## WORK REQUEST
Quote the listing in full, exactly as given, minus any pictures.

## RECORDED DATA
§ §
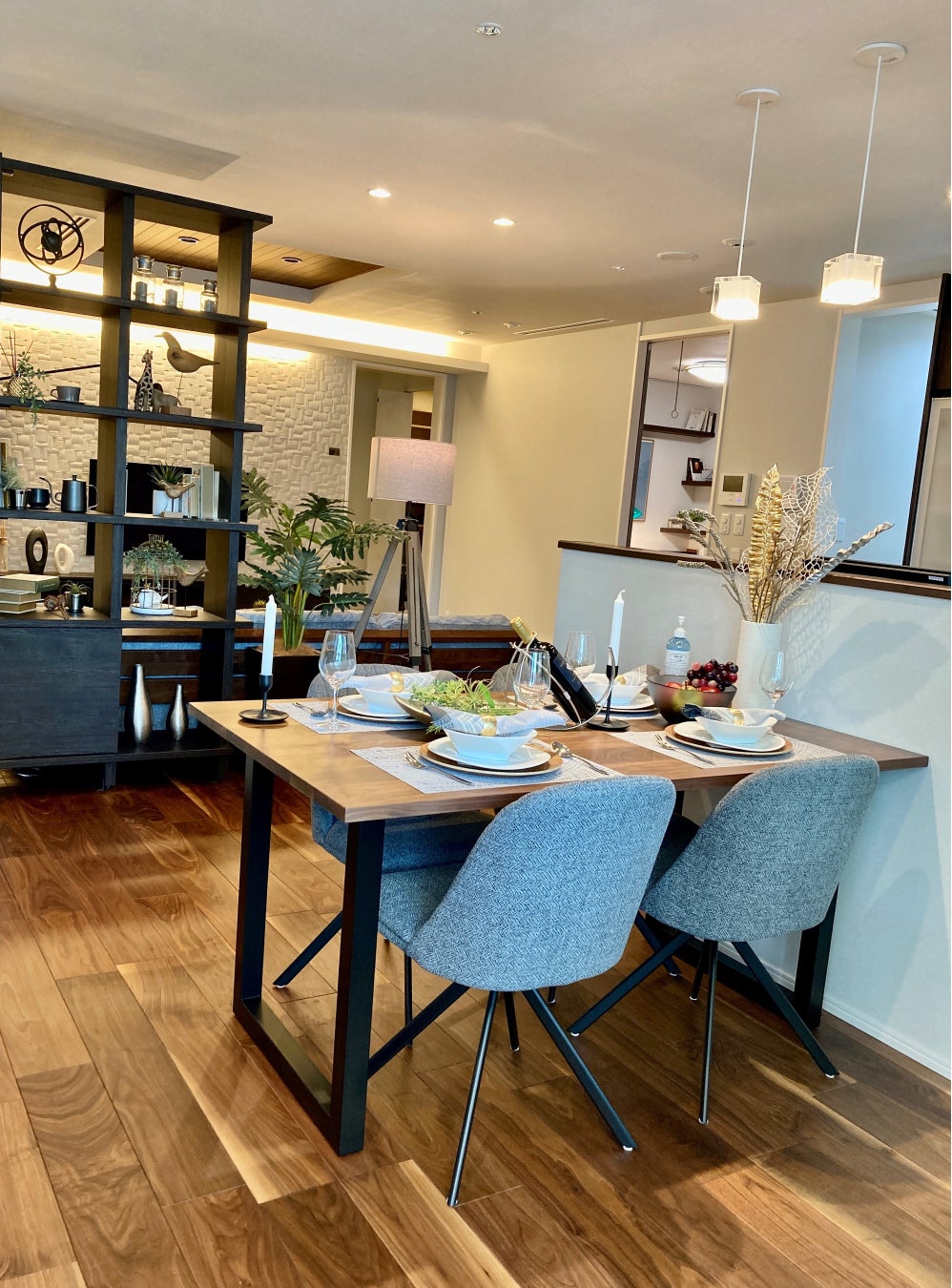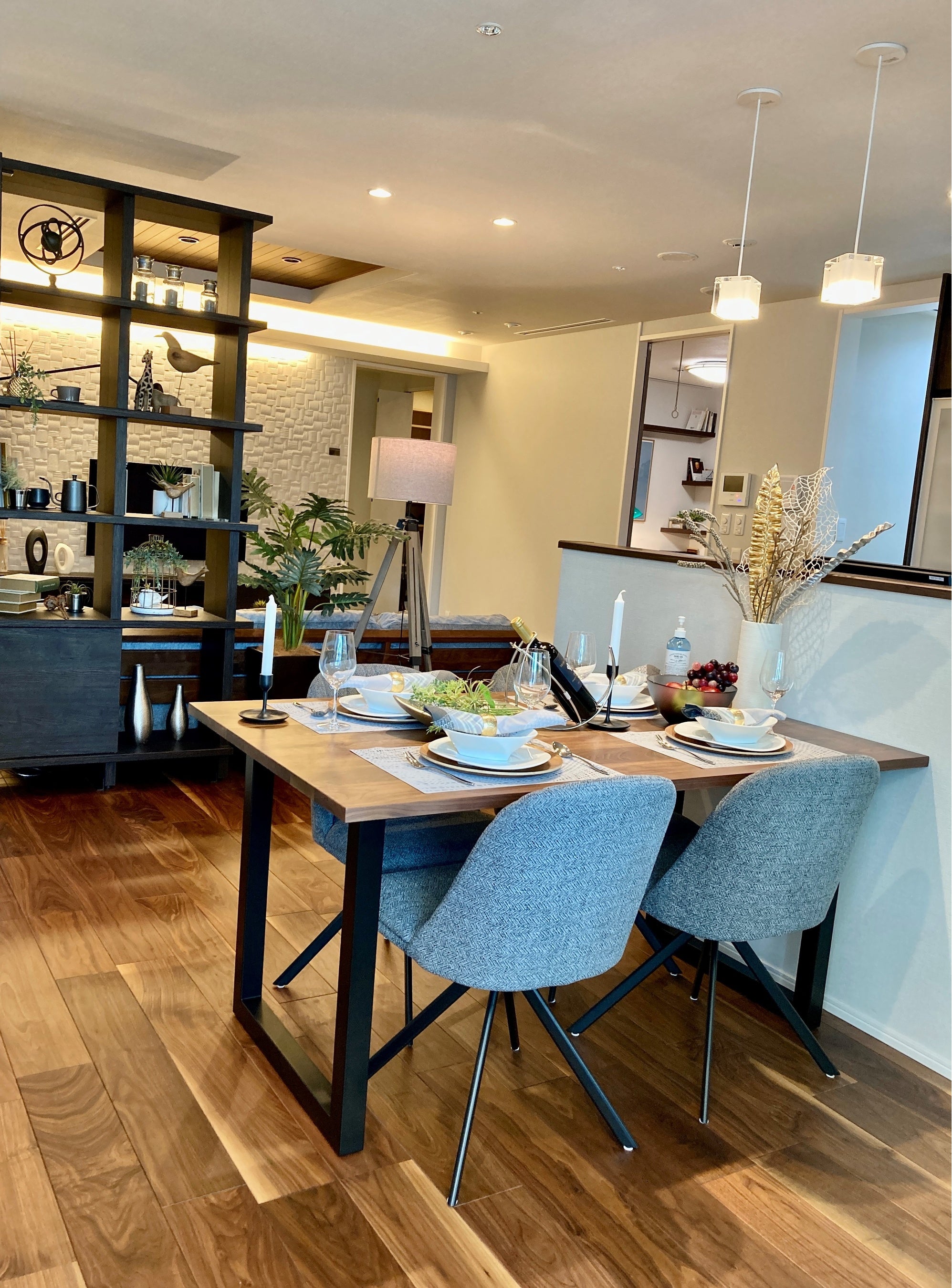 また、ダイニングテーブルにはオーク素材の伸長式の4人掛けテーブルを採用。来客時には最大8名の着座が可能となり、家具を通じて限られた空間を最大限に活かせるヒントをご提案しております。
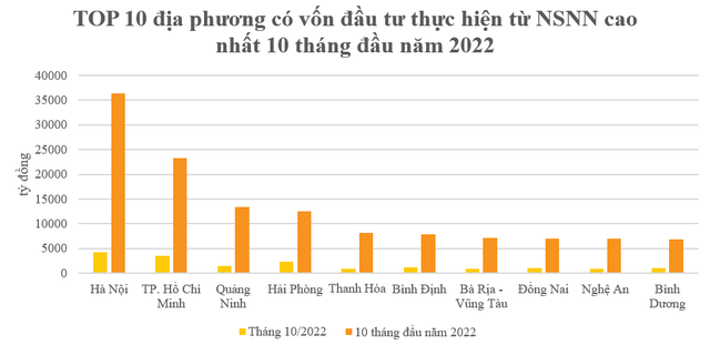 Là địa phương có tỷ lệ hoàn thành kế hoạch cao nhất cả nước, Quảng Ninh là địa phương có vốn đầu tư thực hiện từ NSNN cao thứ 3 trên cả nước với hơn 13,4 nghìn tỷ đồng, đạt 81% so với kế hoạch. Tiếp theo là Hải Phòng và Thanh Hóa với vốn NSNN lần lượt đạt 12.498 tỷ đồng và 8.152 tỷ đồng. Các tỉnh khác cũng nằm trong top 10 địa phương có vốn đầu tư thực hiện từ nguồn NSNN cao trong 10 tháng đầu năm 2022 là Bình Định, Bà Rịa - Vũng Tàu, Đồng Nai, Nghệ An và Bình Dương.
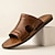 Sandálias masculinas de couro sintético marrom, modelo slide, com bico aberto, confortáveis para o verão, casuais, para praia e uso diário.
§ §
## SOLUTION TO THE PROBLEM
 また、ダイニングテーブルにはオーク素材の伸長式の4人掛けテーブルを採用。来客時には最大8名の着座が可能となり、家具を通じて限られた空間を最大限に活かせるヒントをご提案しております。
 Là địa phương có tỷ lệ hoàn thành kế hoạch cao nhất cả nước, Quảng Ninh là địa phương có vốn đầu tư thực hiện từ NSNN cao thứ 3 trên cả nước với hơn 13,4 nghìn tỷ đồng, đạt 81% so với kế hoạch. Tiếp theo là Hải Phòng và Thanh Hóa với vốn NSNN lần lượt đạt 12.498 tỷ đồng và 8.152 tỷ đồng. Các tỉnh khác cũng nằm trong top 10 địa phương có vốn đầu tư thực hiện từ nguồn NSNN cao trong 10 tháng đầu năm 2022 là Bình Định, Bà Rịa - Vũng Tàu, Đồng Nai, Nghệ An và Bình Dương.
 Sandálias masculinas de couro sintético marrom, modelo slide, com bico aberto, confortáveis para o verão, casuais, para praia e uso diário.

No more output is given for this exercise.